[Aim of the exercise]: From the material below, work out how many lines contain "February" and answer with the number only.

-=-=-=-=-

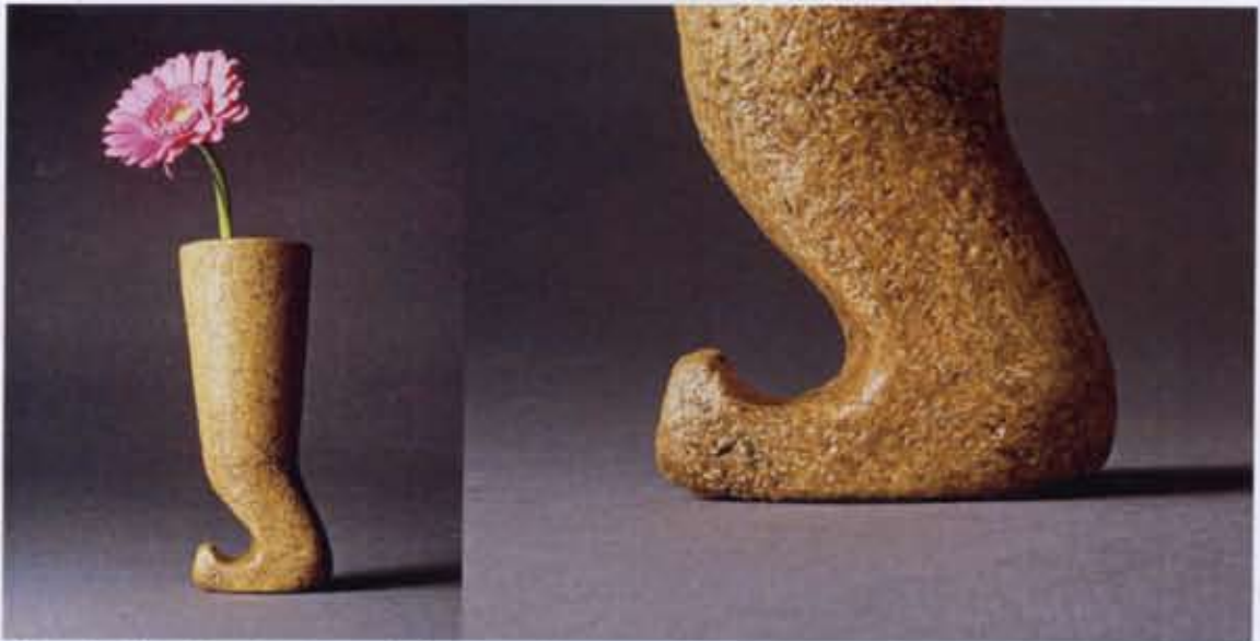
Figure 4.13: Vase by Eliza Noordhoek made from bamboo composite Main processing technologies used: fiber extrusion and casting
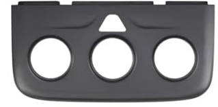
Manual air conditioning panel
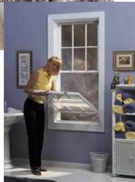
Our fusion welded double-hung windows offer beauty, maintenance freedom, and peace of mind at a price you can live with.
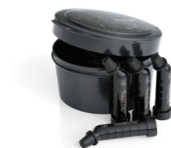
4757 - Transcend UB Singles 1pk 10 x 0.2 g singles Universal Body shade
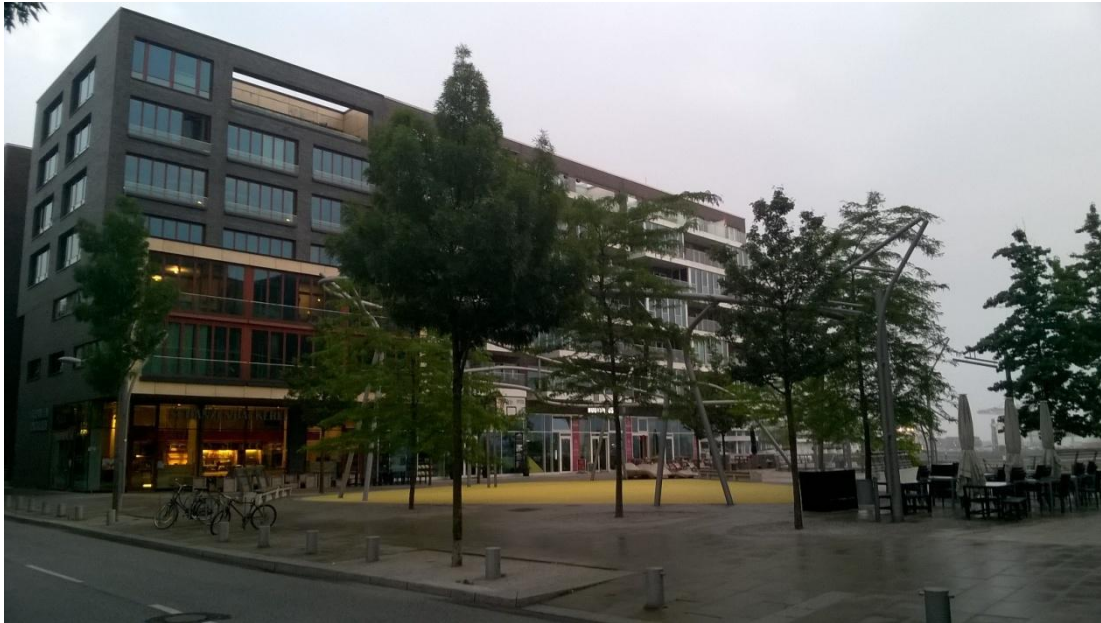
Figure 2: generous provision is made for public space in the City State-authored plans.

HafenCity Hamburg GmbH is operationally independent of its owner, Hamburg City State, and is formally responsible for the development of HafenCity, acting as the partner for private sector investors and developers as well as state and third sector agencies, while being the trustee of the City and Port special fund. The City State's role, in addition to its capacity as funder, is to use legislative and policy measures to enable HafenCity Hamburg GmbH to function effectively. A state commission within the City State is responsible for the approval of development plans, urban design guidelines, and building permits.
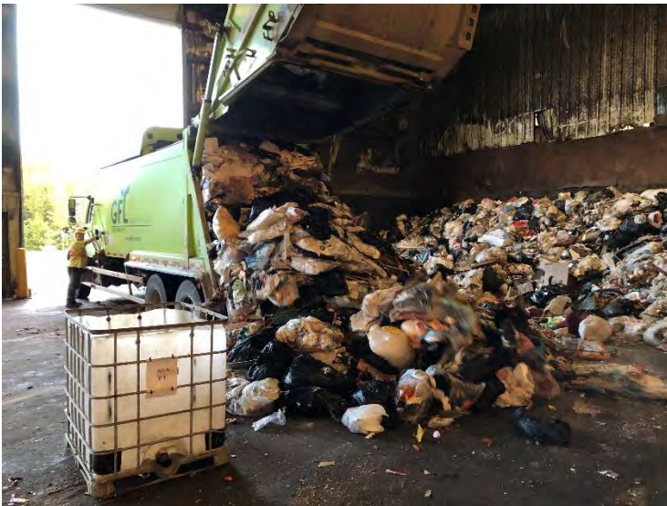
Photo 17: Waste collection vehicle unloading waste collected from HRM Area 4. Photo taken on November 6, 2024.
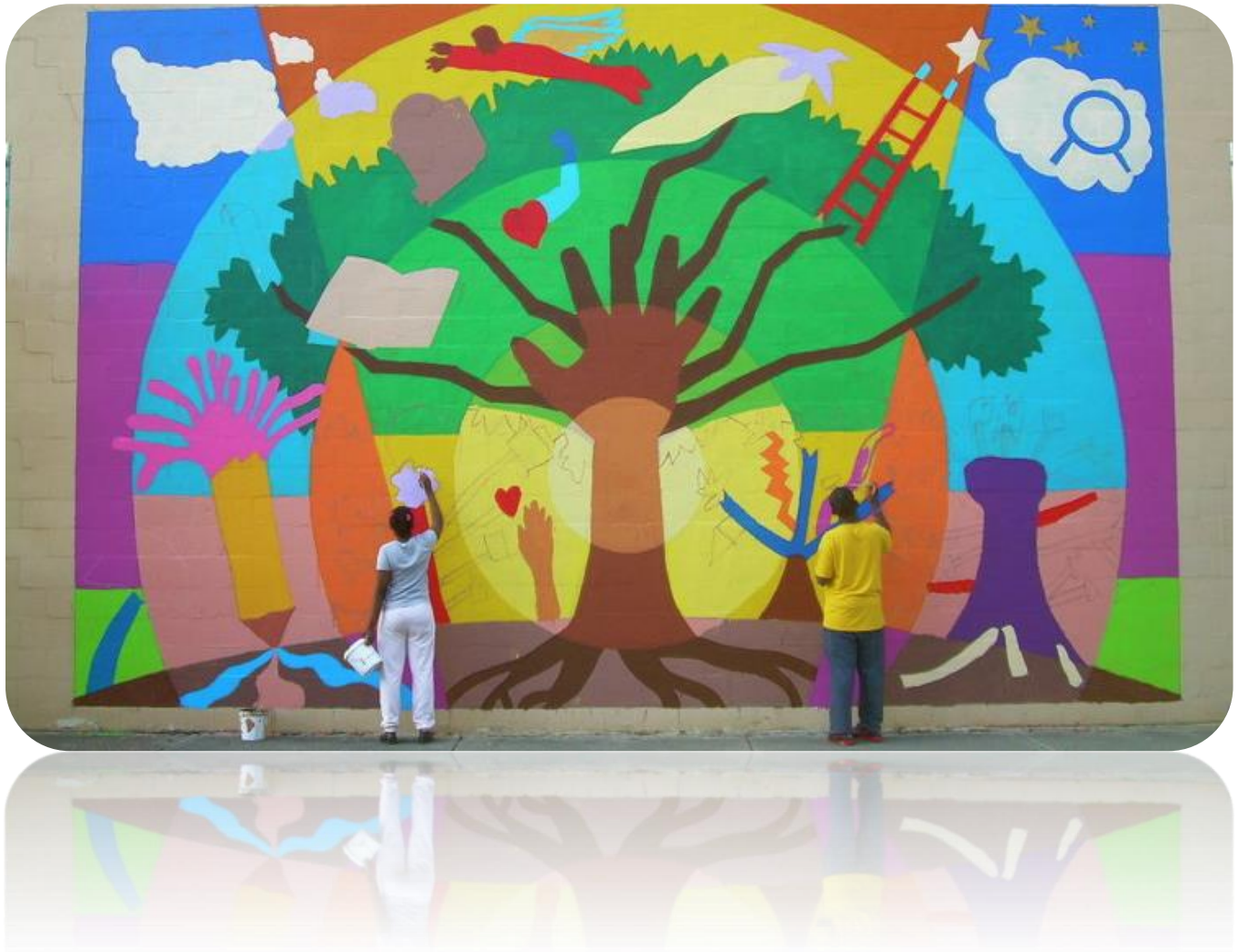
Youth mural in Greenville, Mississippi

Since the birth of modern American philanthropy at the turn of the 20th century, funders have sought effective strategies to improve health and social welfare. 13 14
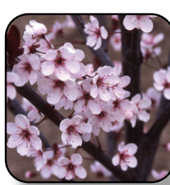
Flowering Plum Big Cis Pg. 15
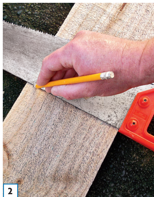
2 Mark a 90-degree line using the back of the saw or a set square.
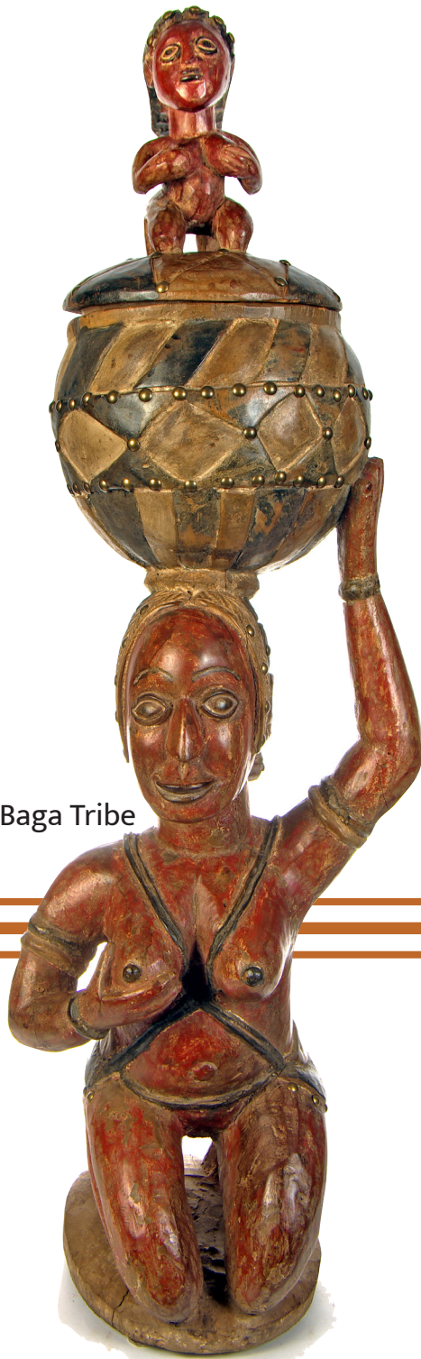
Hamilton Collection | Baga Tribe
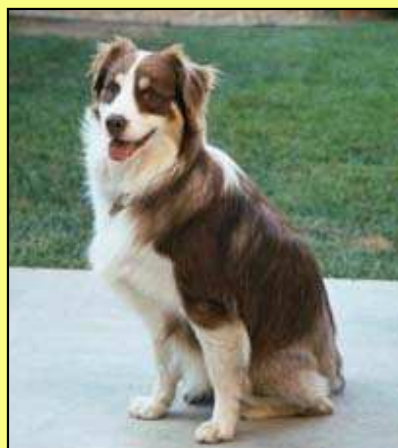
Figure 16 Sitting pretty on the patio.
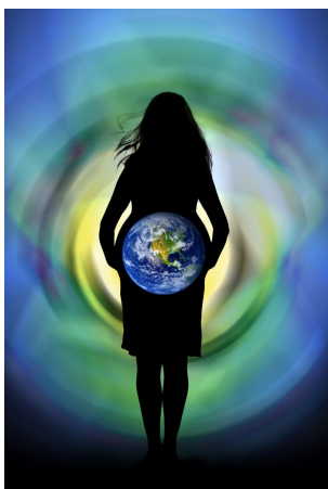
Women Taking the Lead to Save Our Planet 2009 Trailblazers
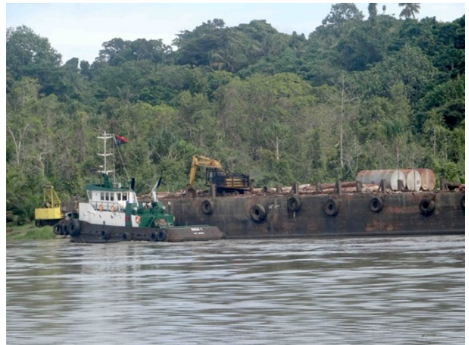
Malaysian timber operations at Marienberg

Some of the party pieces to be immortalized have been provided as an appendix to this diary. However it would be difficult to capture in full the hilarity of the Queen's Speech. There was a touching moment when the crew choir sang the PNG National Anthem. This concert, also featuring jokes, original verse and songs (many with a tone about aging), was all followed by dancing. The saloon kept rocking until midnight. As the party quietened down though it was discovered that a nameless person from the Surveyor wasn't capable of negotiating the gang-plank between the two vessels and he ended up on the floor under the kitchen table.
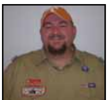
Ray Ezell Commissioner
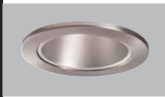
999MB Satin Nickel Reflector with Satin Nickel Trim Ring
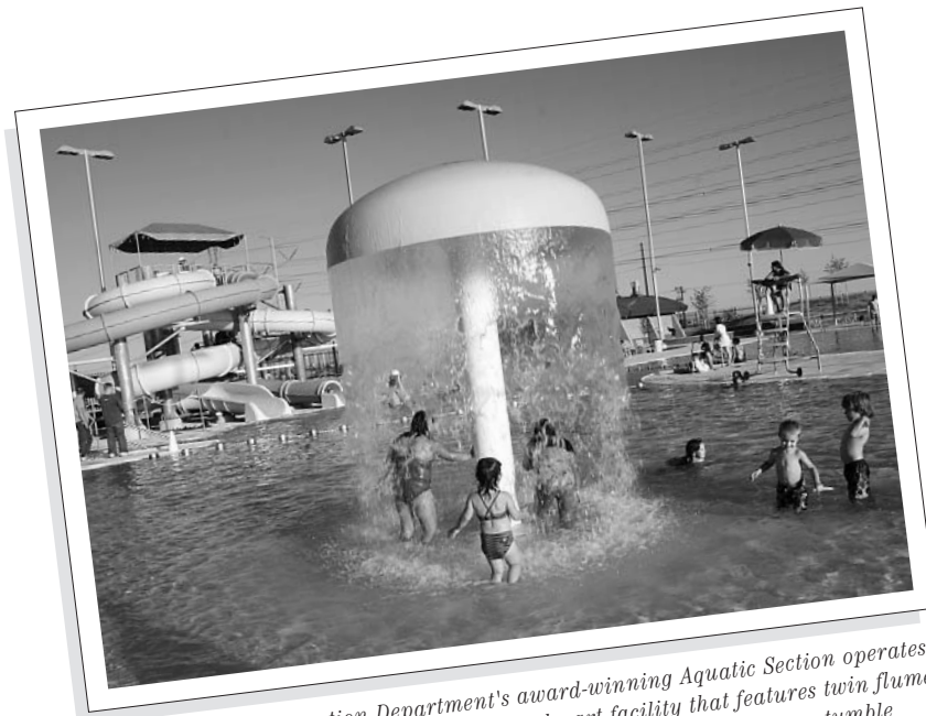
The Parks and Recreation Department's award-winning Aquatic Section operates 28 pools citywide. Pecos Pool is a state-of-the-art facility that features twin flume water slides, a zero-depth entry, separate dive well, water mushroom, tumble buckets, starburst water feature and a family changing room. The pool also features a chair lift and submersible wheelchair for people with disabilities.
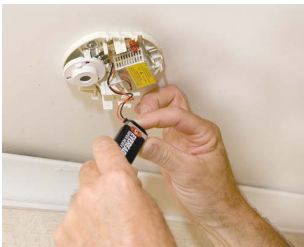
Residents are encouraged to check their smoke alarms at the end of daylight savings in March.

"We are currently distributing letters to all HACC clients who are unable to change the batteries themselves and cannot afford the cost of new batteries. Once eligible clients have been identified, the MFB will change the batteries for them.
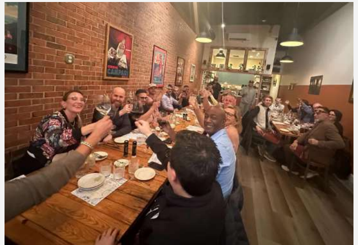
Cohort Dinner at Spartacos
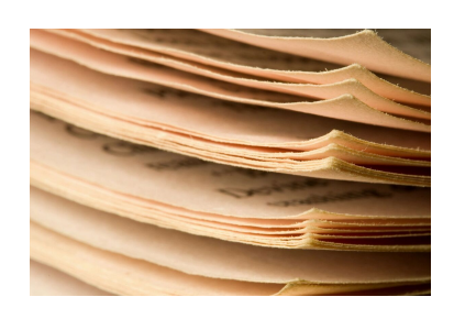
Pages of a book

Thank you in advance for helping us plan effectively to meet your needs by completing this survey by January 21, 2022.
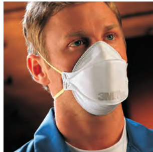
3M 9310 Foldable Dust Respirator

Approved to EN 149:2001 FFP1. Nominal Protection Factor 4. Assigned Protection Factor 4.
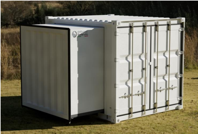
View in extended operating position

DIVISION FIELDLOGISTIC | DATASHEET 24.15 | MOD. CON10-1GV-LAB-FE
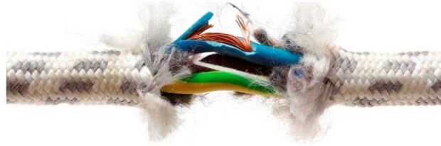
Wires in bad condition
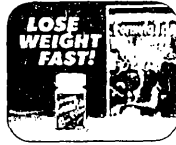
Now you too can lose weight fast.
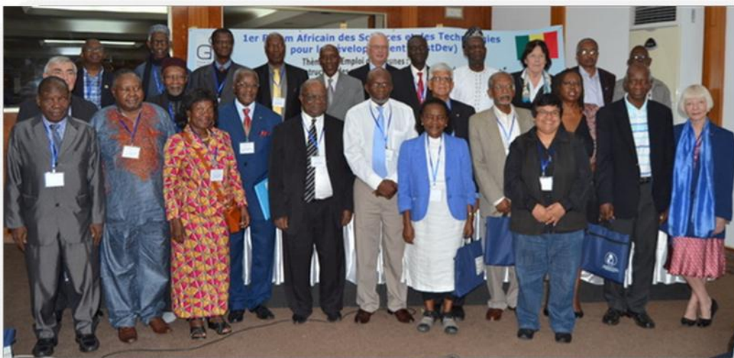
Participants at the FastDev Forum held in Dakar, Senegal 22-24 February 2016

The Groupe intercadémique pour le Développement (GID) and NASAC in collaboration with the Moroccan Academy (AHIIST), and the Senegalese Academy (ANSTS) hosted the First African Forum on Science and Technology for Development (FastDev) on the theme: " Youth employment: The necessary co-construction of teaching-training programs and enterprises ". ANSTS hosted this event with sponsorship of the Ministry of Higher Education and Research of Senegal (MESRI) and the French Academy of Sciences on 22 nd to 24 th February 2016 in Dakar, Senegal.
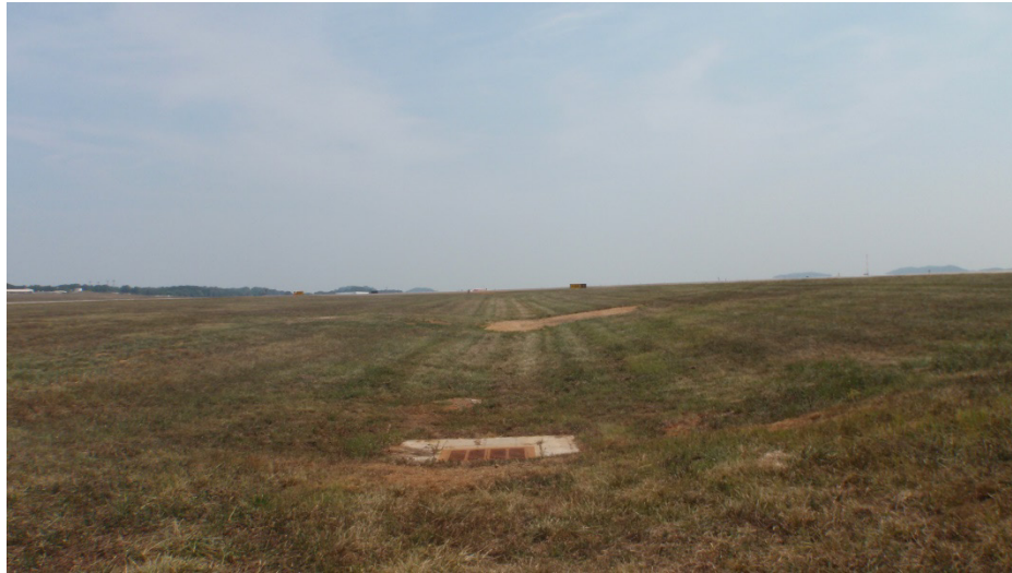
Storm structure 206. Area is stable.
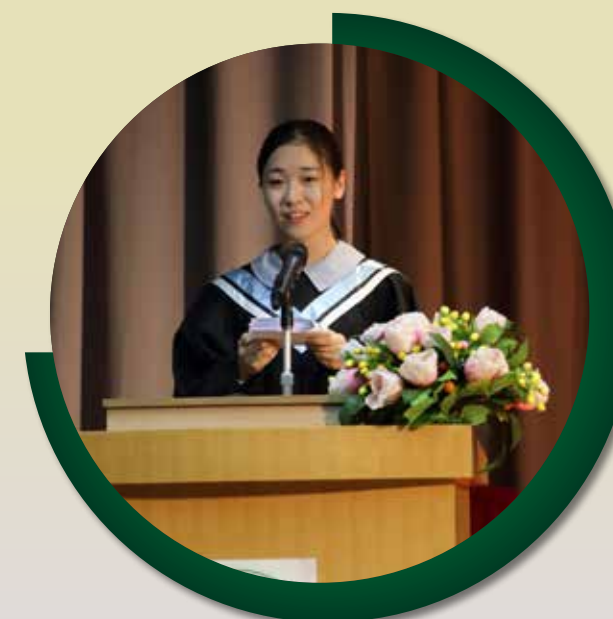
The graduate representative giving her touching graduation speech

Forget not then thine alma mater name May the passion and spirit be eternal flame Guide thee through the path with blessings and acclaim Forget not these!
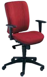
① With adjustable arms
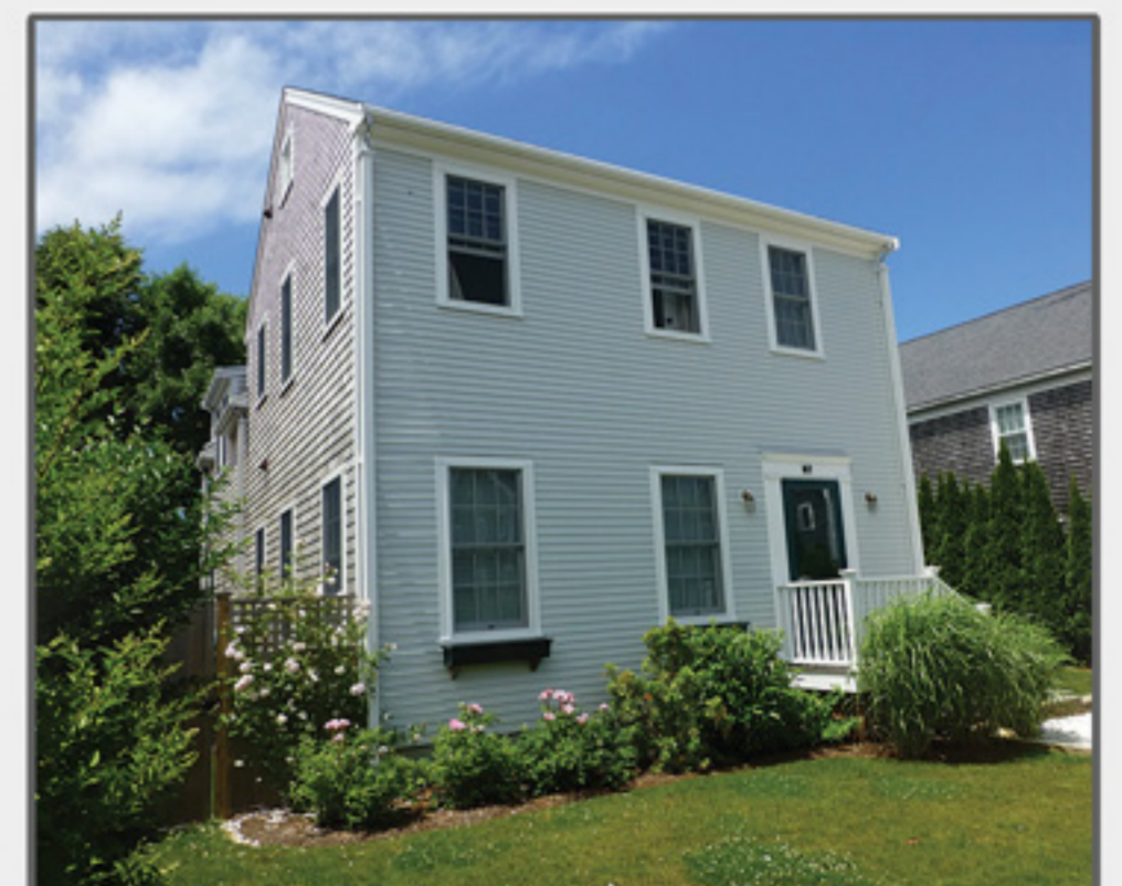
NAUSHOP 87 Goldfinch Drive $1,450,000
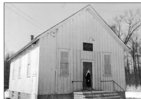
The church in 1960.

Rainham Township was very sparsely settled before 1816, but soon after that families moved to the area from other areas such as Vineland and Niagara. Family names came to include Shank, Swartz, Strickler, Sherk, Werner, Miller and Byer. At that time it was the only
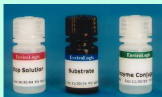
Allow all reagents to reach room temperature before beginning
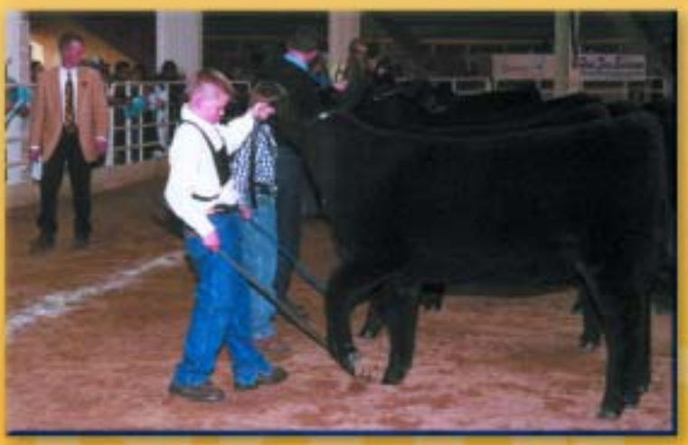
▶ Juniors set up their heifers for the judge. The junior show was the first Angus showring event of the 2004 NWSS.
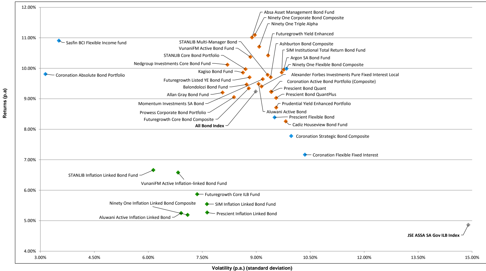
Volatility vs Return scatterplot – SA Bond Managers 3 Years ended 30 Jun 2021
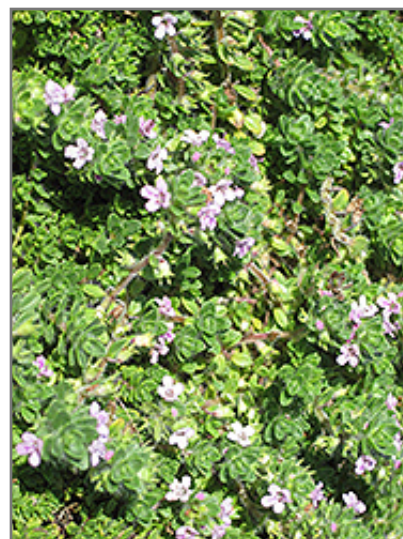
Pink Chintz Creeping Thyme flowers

-=-=-=-=-

[Completed task]: 2